I knew I was right when she came home that day in August in hysterics. I can still hear her strained voice, so desperate and raw I could've bawled.

"I can't do this anymore, Darry!" She sobbed as she sat in a heap in Soda's arms. When she said my name, it was like a plea for help. It broke my heart.

She told us that he had been hitting her for months, but she was too scared to do anything about it. Gently, we talked her through it, until finally she announced she was breaking things off with him. I was over the moon, thinking that he wouldn't be able to hurt her ever again.

I was terribly wrong.

I wished I could just wrap her in a bubble and keep her safe forever. She was too pure to be going through something like this, had too beautiful of a soul. She didn't deserve anything but the best, and sure didn't deserve to be a Greaser and my kid sister.

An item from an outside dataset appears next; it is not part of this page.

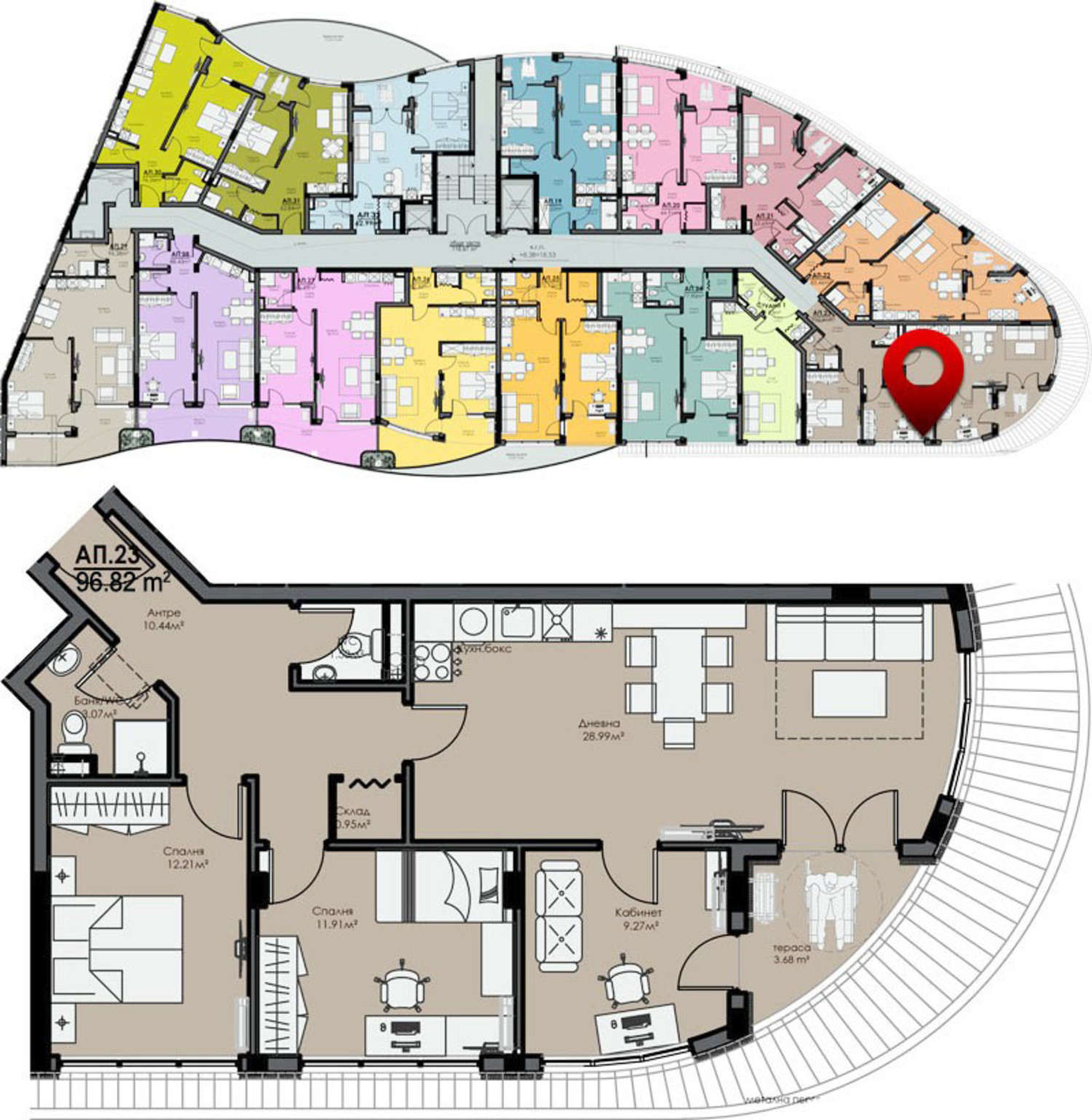 (2 070 €/м2) (4 048,57 лв./м2)Площ: 96.61 м2 Етаж: 3

She went to bed that night without saying so much as good night. Soda and Ponyboy looked at me sadly, as if begging me to do something. But I didn't know what to do. I was still just a kid, just 20. I didn't know anything about how to raise teenagers, much less how to deal with situations like this. Mom and Dad would know, not me.

And that night, as I laid in bed, I cried. I cried for the first time in years, letting out months of frustration and pain. "Why?" I asked quietly to the ceiling. "Why did you have to leave us? Why so soon?"

And for the first time ever, I prayed. I prayed to God for all of this to stop. I prayed for Cary to be okay again.

I prayed for Mom and Dad to come back.